Слова из письма жене (от 13 марта 1930 года) дают представление о том, насколько остро и безысходно поэт воспринимал свое положение: «Запутали меня, как в тюрьме держат, свету нет. Все хочу ложь смахнуть – и не могу, все хочу грязь отмыть – и нельзя». Мандельштам заявил о своем отказе от членства в ФОСП; в «Открытом письме советским писателям» (начало 1930; черновое) он обвиняет: ФОСП «запятнала себя гнуснейшим преследованием писателя». «Мне стыдно, – продолжает Мандельштам, – что я, как нищий, месяцами умолял вас о расследовании. Если это общественность, я бегу от нее, как от чумы. Вы умеете не слышать, вы умеете не отвечать на прямые вопросы, вы умеете отводить заявления. Если собрать все, что я вам писал за эти месяцы, то получится настоящая книга – убийственная, позорная для нас всех. В историю советской литературы вы вписали главу, которая пахнет трупным разложением.
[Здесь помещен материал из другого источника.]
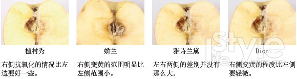 在一半蘋果上涂產(chǎn)品,30分鐘后觀察蘋果變黃的情況,來判斷抗氧化功效。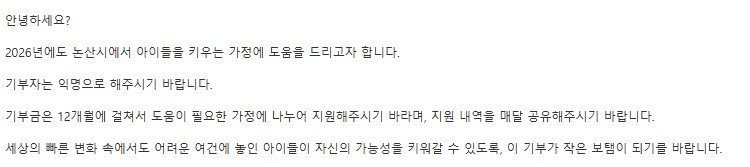 한편, 2020년부터 시작된 익명 기부자의 선행은 매년 논산시의 겨울을 녹이는 대표적인 미담으로 자리 잡았다. 논산시는 기부자의 익명성을 철저히 보장하는 한편, 이 같은 나눔의 가치가 지역사회 전반으로 확산될 수 있도록 지속적으로 노력하고 있다.
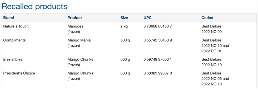 A frozen mango recall has been issued by the Public Health Agency of Canada (PHAC) due to a possible Hepatitis A contamination.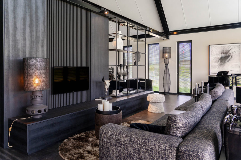 Deze indrukwekkende villa ademt het gevoel van een luxe boutiquehotel, midden in het groen. De hoge kap, de donkere ranke lijnen en de royale glaspartijen geven het interieur een elegante grandeur. Binnen vormt maatwerk de rode draad. Van de rijke wandbekleding in de slaapkamers tot de verfijnde materialen in de badkamer met marmeraccenten: iedere ruimte voelt warm, intiem en tegelijk uitgesproken modern. Het zachte licht, zorgvuldig geplaatste designverlichting en de rustige kleurbasis zorgen voor een sfeer waarin je direct ontspant.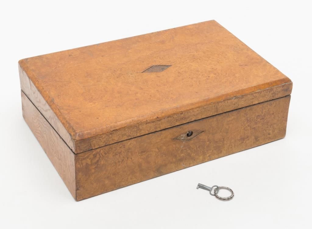 Antique wood field desk approx. 14” x 9” x 5” in overall fair to good condition; missing lid and lock escutcheons, much of bottom decorative paper cover; interior is overall good. Est.: $75-$150.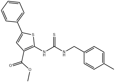 - Synonyms: methyl 2-(3-(4-methylbenzyl)thioureido)-5-phenylthiophene-3-carboxylate 3-Thiophenecarboxylic acid, 2-[[[[(4-methylphenyl)methyl]amino]thioxomethyl]amino]-5-phenyl-, methyl ester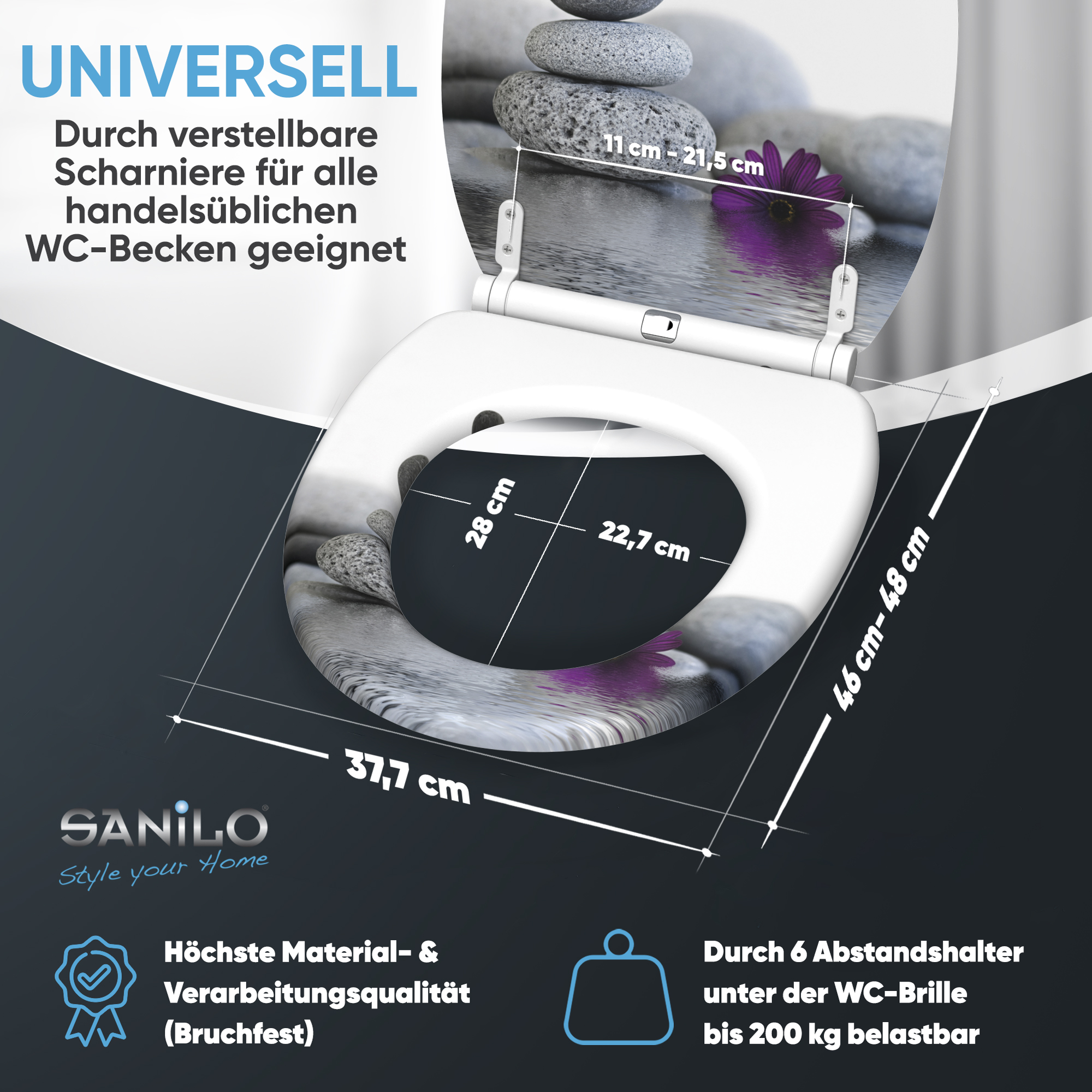 • passend für alle handelsüblichen WC-Becken (Hänge- und Steh WC-Becken)
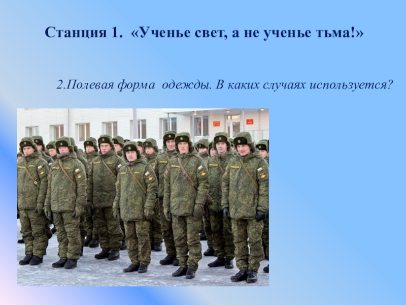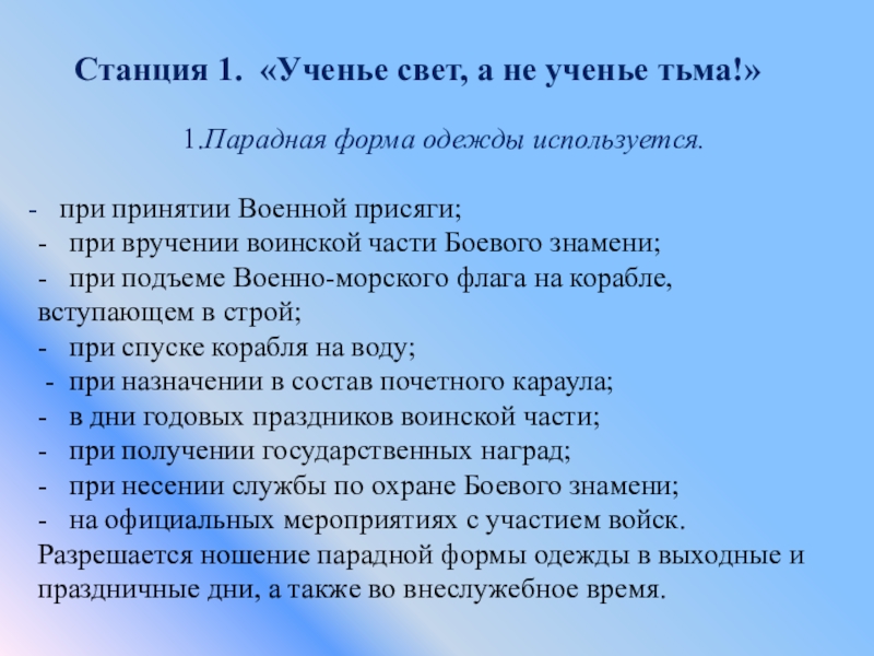 — в суточных нарядах (кроме военнослужащих, проходящих службу по контракту, дежурящих в штабах, управлениях и учреждениях), на учении, маневрах, боевых дежурствах и занятиях в учебных центрах.

Я ухожу из Федерации советских писателей, я запрещаю себе отныне быть писателем, потому что я морально ответственен за то, что делаете вы».
Вышесказанное нельзя не принимать во внимание, говоря о том периоде в жизни поэта, когда судьба связала его с домом в Старосадском переулке. Разбирательство в связи с переводом «Тиля» имело чрезвычайно важные последствия: дело поставило Мандельштама в конфликтные отношения с теми, кто олицетворял для него власть в литературной среде. Он почувствовал себя в роли маргинала, странного субъекта, на которого с недоброжелательным недоумением смотрит «литературная общественность». «Дело о “Тиле”», вроде бы чисто литературное, послужило катализатором давно зревшего у Мандельштама неприятия как определенных особенностей советской жизни (например, растущей бюрократизации и смертной казни), так и некоторых, по крайней мере, положений официальной идеологии, обосновывавших государственную практику. А.К. Гладков подчеркивает, что дело о переводе «Тиля» привело в действие тот взрывчатый материал, который копился в душе поэта и был готов взорваться – нужен был лишь повод. «Невозможно правильно понять “Четвертую прозу” Мандельштама, объясняя ее биографическими фактами, связанными с обработкой перевода “Тиля Уленшпигеля” и фельетоном Заславского. Реакция настолько громче события, ее вызвавшего, что тут все кажется преувеличенным, раздутым, слишком обостренным, чересчур чувствительным. У кого из литераторов не случалось подобного: в плагиате обвиняли и Тургенева, и Толстого. Но если соотнести накал и пафос обобщений “Четвертой прозы” со всей дальнейшей судьбой поэта, то она не покажется ни чрезмерной, ни преувеличенной…» [161] Мандельштам осознавал все явственнее, что ему уготована судьба отщепенца, одиночки, который отказывается идти в ногу с теми, кто присвоил себе право называться «писателями». Эту судьбу он принял. Его произведения, написанные в это время (в том числе в Старосадском переулке), многообразно, прямо либо опосредованно, связаны с «делом о “Тиле”».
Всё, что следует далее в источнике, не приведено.